Record excerpts —
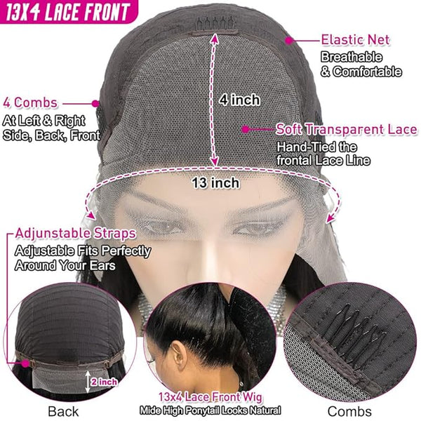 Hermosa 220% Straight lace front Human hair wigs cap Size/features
* * *
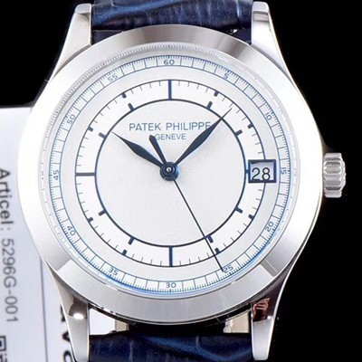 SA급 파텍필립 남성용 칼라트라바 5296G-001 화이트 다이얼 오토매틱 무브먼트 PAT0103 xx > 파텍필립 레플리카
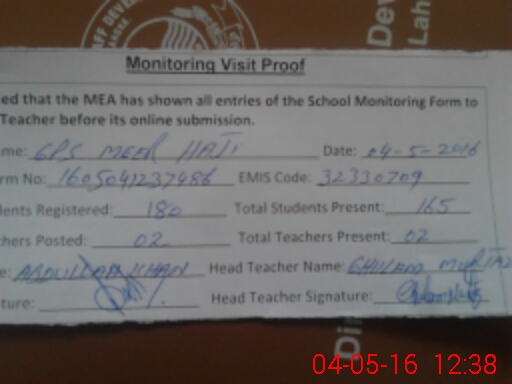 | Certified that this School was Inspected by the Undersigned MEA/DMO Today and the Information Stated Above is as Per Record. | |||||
--
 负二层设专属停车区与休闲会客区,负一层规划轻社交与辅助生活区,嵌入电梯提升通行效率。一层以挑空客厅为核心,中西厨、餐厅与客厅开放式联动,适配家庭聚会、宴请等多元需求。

Directions —
Nothing but the lines above, starting at the line that contains "SA급 파텍필립 남성용" and ending at the line that contains "Record. | |||||", should be given again, exactly and without the pictures.

Output of the task —
 SA급 파텍필립 남성용 칼라트라바 5296G-001 화이트 다이얼 오토매틱 무브먼트 PAT0103 xx > 파텍필립 레플리카
 | Certified that this School was Inspected by the Undersigned MEA/DMO Today and the Information Stated Above is as Per Record. | |||||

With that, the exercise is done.